━━━━━ Data for this task

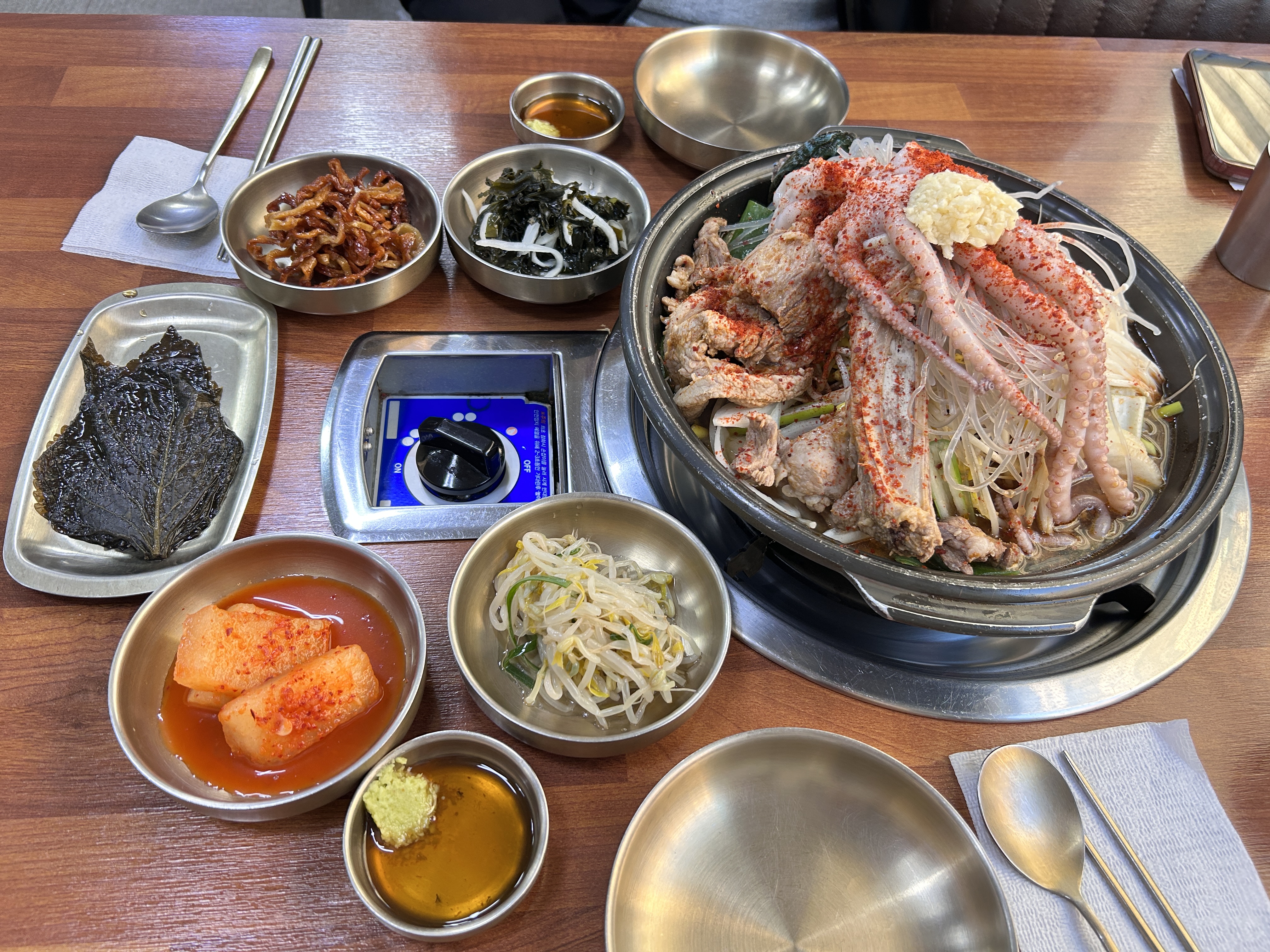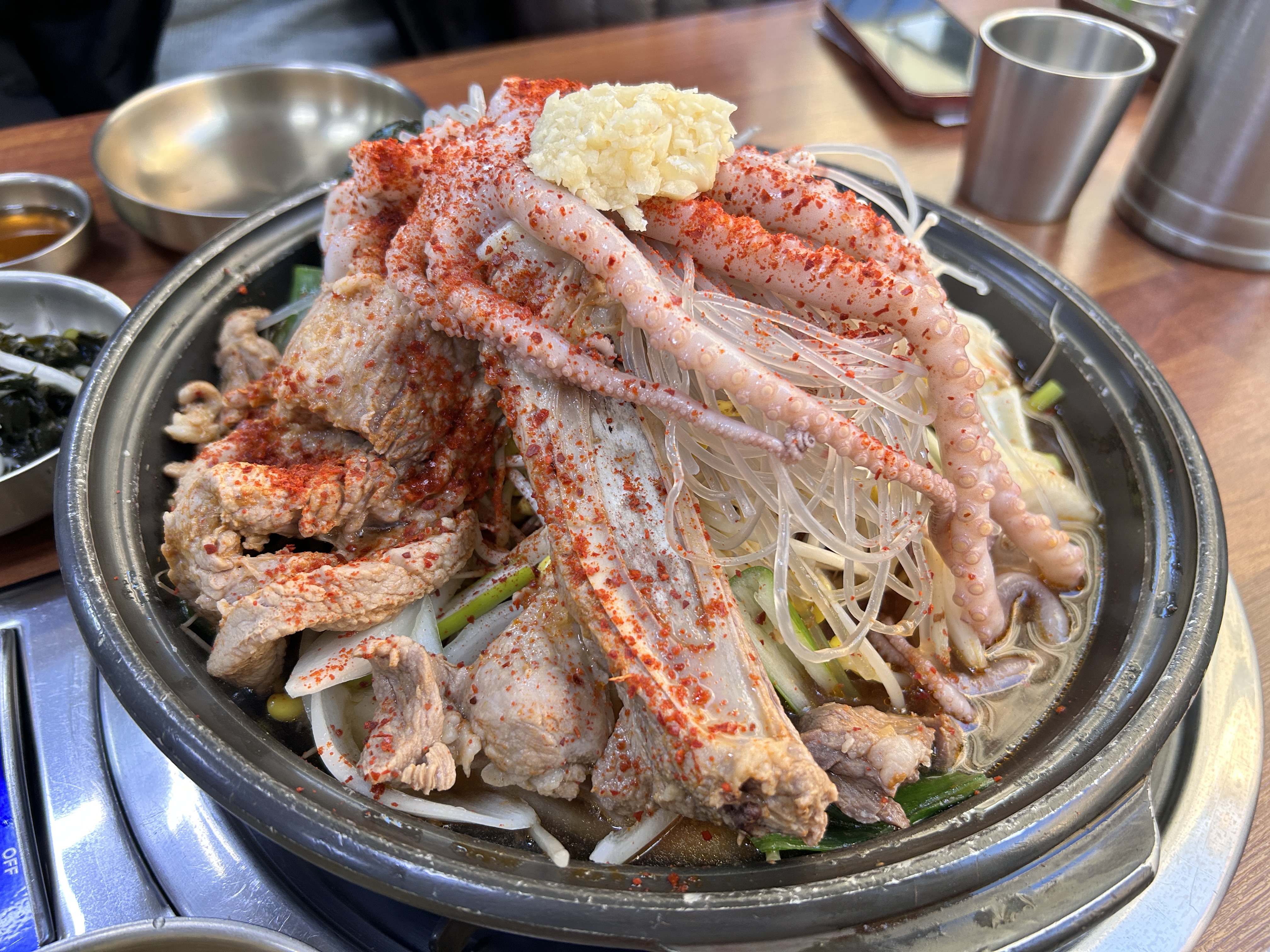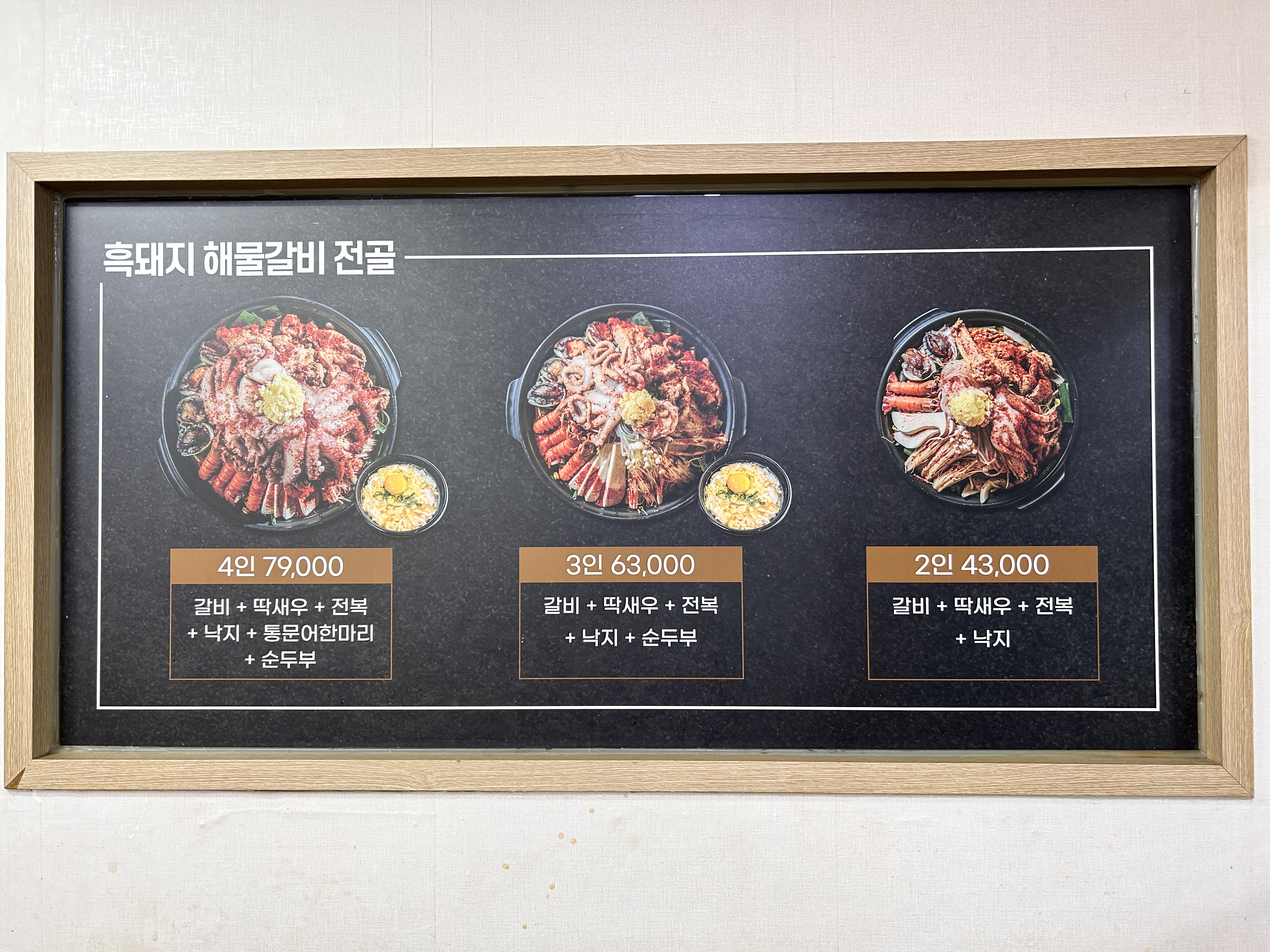 전골에 흑돼지, 낙지, 전복, 딱새우가 가득가득 들어서
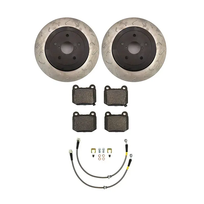 This kit includes new rotors, brake pads, and stainless steel brake lines to improve the braking performance of your vehicle.
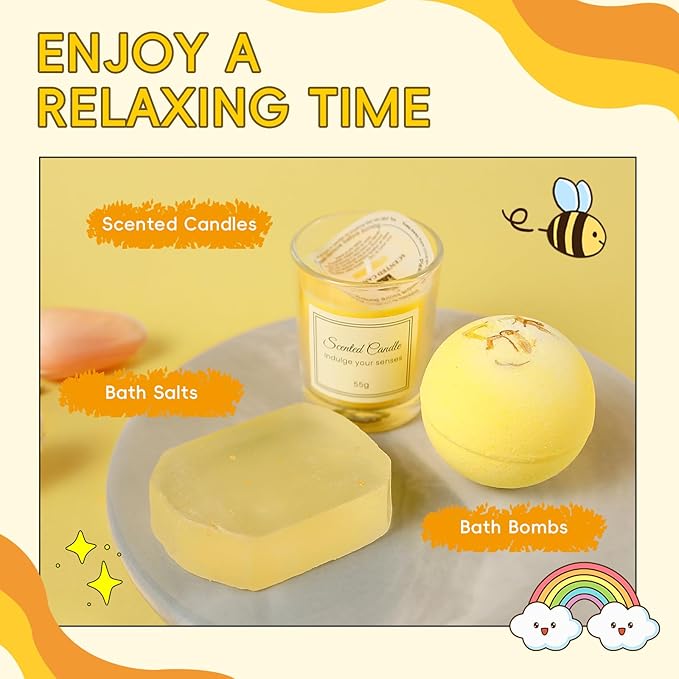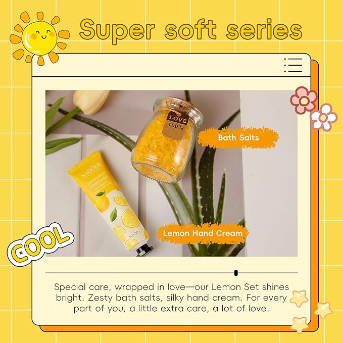- Perfect Gift for Women: Our lemon-inspired gift basket features a vibrant, fun, and high-quality collection: 1 x Lemon Bath Salt, 1 x Lemon Soap, 1 x Lemon Hand Cream, 1 x Scented Candle, 1 x Silk Eye Masks, 1 x Chamomile Bath Salt, 1 x Headband + 2 x Wristbands, 1 x Beautiful Greeting Card
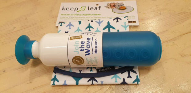 | Met dit pakket bent u milieubewust. De welbekende Dopper voor uw drankje en een prachtig duurzaam alternatief voor de plastic broodzak, een herbruikbare broodenvelop. € 23,50*) | |
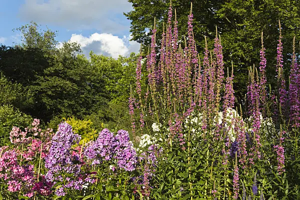 Hémérocalles (Hemerocallis), phlox paniculé (Phlox paniculata) et salicaire commune (Lythrum salicaria)
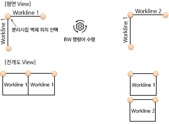 주1) 하나의 선 또는 폴리선으로 한면의 흙막이 벽체가 생성된 경우에는 Break Workline 기능이 수행되지 않습니다.
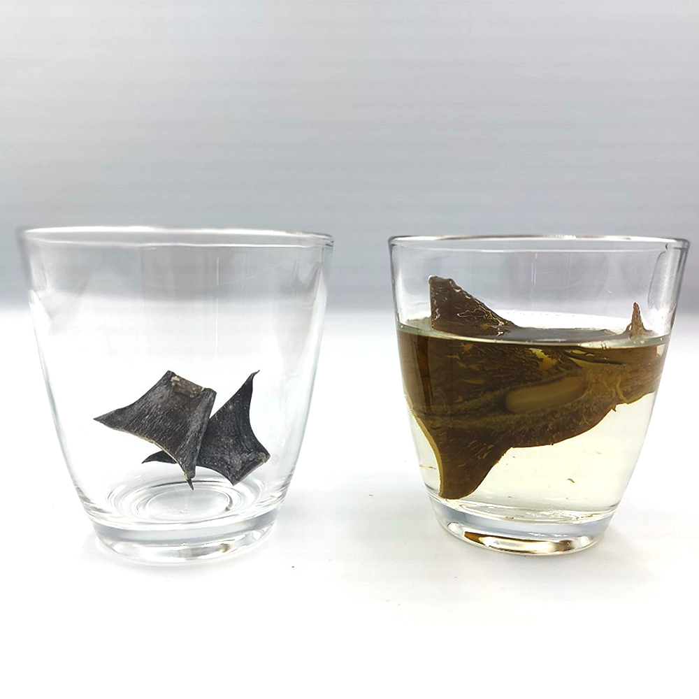 根昆布水として、強い粘りこそ出ませんが、羅臼昆布のうま味と風味をお楽しみ頂けますので、続けやすい味わいの根昆布水をお作りいただけます。
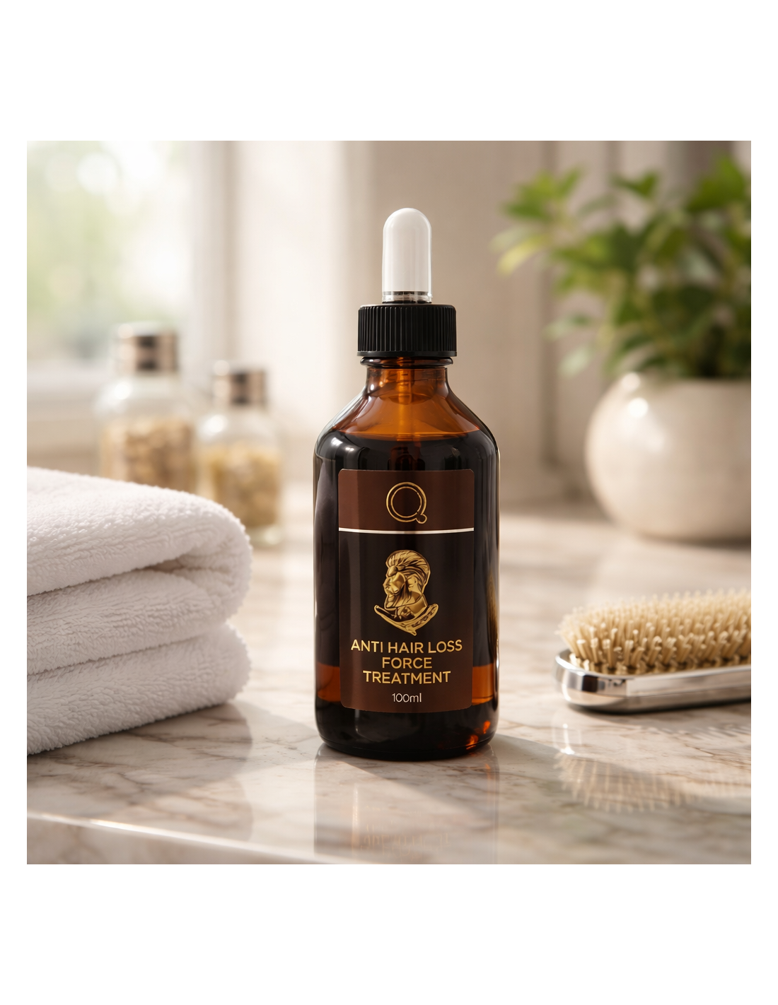 NAUDOJIMAS: Išplaukite plaukus MrQ šampūnu ir švelniai nusausinkite rankšluosčiu. Losjoną pipetės pagalba tepkite ant šaknų, lengvai masažuodami.
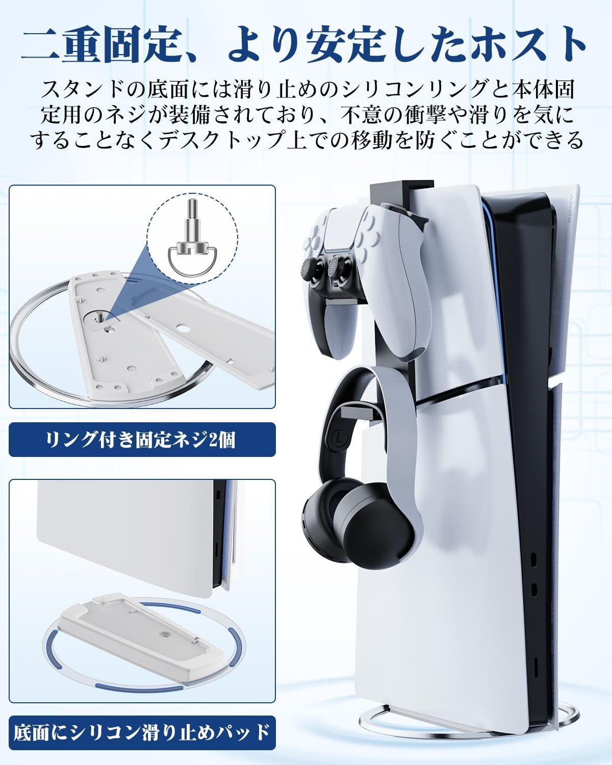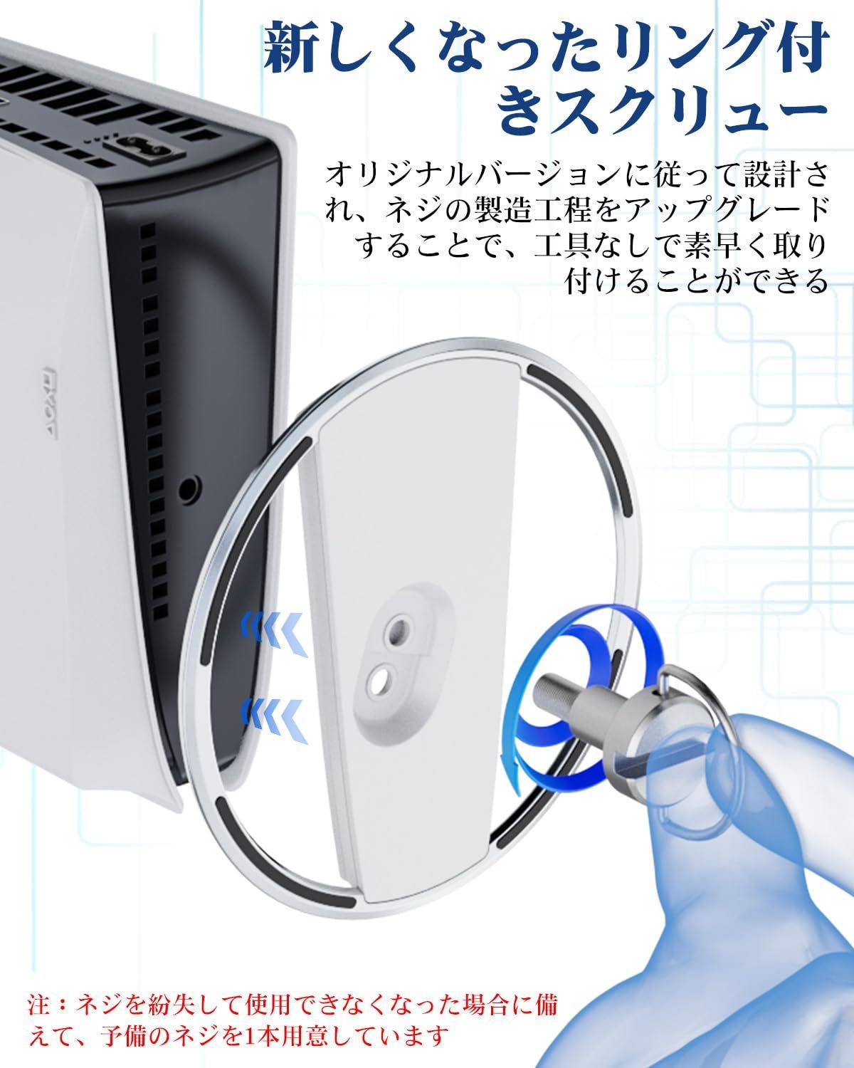 【PS5 Pro/PS5/PS5スリム専用スタンド 】:底面には滑り止めのシリコンリング、本体固定用のネジが付属。 このPS5スリム用スタンドは普通のプラスチック製スタンドを超え、場所を取らないだけでなく、PS5スリムとPS5コンソールをより安定した筐体にし、不慮の衝突や滑りを心配する必要がありません。
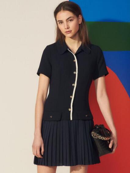 購買鏈接:https://fr.sandro-paris.com/fr/robe-plissee-mix-matieres/SFPRO01638.html?dwvar_SFPRO01638_color=44

━━━━━━━━━━

* What you need to do:
Repeat exactly the lines above, from the line that contains "This kit includes" down through the line that contains "根昆布水として、強い粘りこそ". Include both of those lines and none of the pictures.

* Result:
 This kit includes new rotors, brake pads, and stainless steel brake lines to improve the braking performance of your vehicle.
- Perfect Gift for Women: Our lemon-inspired gift basket features a vibrant, fun, and high-quality collection: 1 x Lemon Bath Salt, 1 x Lemon Soap, 1 x Lemon Hand Cream, 1 x Scented Candle, 1 x Silk Eye Masks, 1 x Chamomile Bath Salt, 1 x Headband + 2 x Wristbands, 1 x Beautiful Greeting Card
 | Met dit pakket bent u milieubewust. De welbekende Dopper voor uw drankje en een prachtig duurzaam alternatief voor de plastic broodzak, een herbruikbare broodenvelop. € 23,50*) | |
 Hémérocalles (Hemerocallis), phlox paniculé (Phlox paniculata) et salicaire commune (Lythrum salicaria)
 주1) 하나의 선 또는 폴리선으로 한면의 흙막이 벽체가 생성된 경우에는 Break Workline 기능이 수행되지 않습니다.
 根昆布水として、強い粘りこそ出ませんが、羅臼昆布のうま味と風味をお楽しみ頂けますので、続けやすい味わいの根昆布水をお作りいただけます。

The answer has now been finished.